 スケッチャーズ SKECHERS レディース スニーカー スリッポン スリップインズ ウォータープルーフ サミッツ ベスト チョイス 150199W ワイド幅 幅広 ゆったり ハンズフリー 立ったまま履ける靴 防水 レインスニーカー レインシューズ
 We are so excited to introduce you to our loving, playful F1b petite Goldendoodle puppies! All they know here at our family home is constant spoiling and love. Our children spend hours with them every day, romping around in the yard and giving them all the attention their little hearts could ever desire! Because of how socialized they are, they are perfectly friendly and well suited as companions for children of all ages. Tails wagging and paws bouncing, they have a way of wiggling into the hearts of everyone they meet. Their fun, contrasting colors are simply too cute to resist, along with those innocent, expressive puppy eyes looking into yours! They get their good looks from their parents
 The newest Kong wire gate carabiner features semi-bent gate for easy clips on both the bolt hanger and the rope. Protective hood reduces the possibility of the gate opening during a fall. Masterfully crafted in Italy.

- [What you need to do]
All lines above are to be transcribed exactly.

- [Response to the task]
 スケッチャーズ SKECHERS レディース スニーカー スリッポン スリップインズ ウォータープルーフ サミッツ ベスト チョイス 150199W ワイド幅 幅広 ゆったり ハンズフリー 立ったまま履ける靴 防水 レインスニーカー レインシューズ
 We are so excited to introduce you to our loving, playful F1b petite Goldendoodle puppies! All they know here at our family home is constant spoiling and love. Our children spend hours with them every day, romping around in the yard and giving them all the attention their little hearts could ever desire! Because of how socialized they are, they are perfectly friendly and well suited as companions for children of all ages. Tails wagging and paws bouncing, they have a way of wiggling into the hearts of everyone they meet. Their fun, contrasting colors are simply too cute to resist, along with those innocent, expressive puppy eyes looking into yours! They get their good looks from their parents
 The newest Kong wire gate carabiner features semi-bent gate for easy clips on both the bolt hanger and the rope. Protective hood reduces the possibility of the gate opening during a fall. Masterfully crafted in Italy.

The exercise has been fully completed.